I keep seeing this crawler for Houxou:
18.104.22.168 "HouxouCrawler/Nutch-0.8.2-dev (houxou.com's nutch-based crawler which serves special interest on-line communities; http://www.houxou.com/crawler; crawler at houxou dot com)"When you go to their link http://www.houxou.com/crawler it doesn't say anything about the crawler, it just shows you their homepage. I'm not sure what special interest on-line communities you can possible be serving when you can't even post the page your user agent links claim to be on your website.
Before I gave up altogether, I decided to see what I could come up with in Google and found some interesting results but the site appears to be down.

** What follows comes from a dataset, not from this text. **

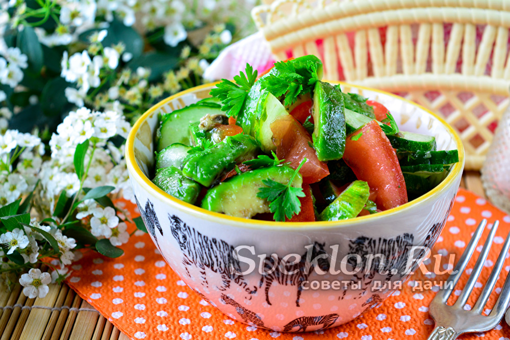 С авокадо можно сочетать множество овощей, ведь сам плод не имеет ярко выраженного вкуса, он не сладкий. Попробуйте приготовить этот салат.

Nutch: search resultsSo what's the deal?
help. Hits 1-9 (out of about 9 total matching pages): WHOIS - 22.214.171.124 ... 20030922 source: RIPE person: Monu Ogbe address: 15 Penman Close, ...
nutch6.houxou.com:8080/search.jsp?query=ogbe&hitsPerPage=10 - 10k - Supplemental Result - Cached - Similar pages
Nutch: 搜索帮助 - [ Translate this page ]
搜索英文单词不区分大小写, 因此搜索NuTcH 等同于搜索nUtCh. ... 评分详解)显示Nutch如何给该网页打分. (anchors)显示指向该网页而被Nutch索引的anchor文本. ...
nutch6.houxou.com:8080/zh/help.html - 7k - Supplemental Result - Cached - Similar pages
Why is Houxou crawling with a link to a missing page about bots?
Is this just a ploy to get webmasters trying to figure out what the Houxou crawler is to look at their hosting services?
Who knows, guess we'll just have to wait and see but it smells fishy to me.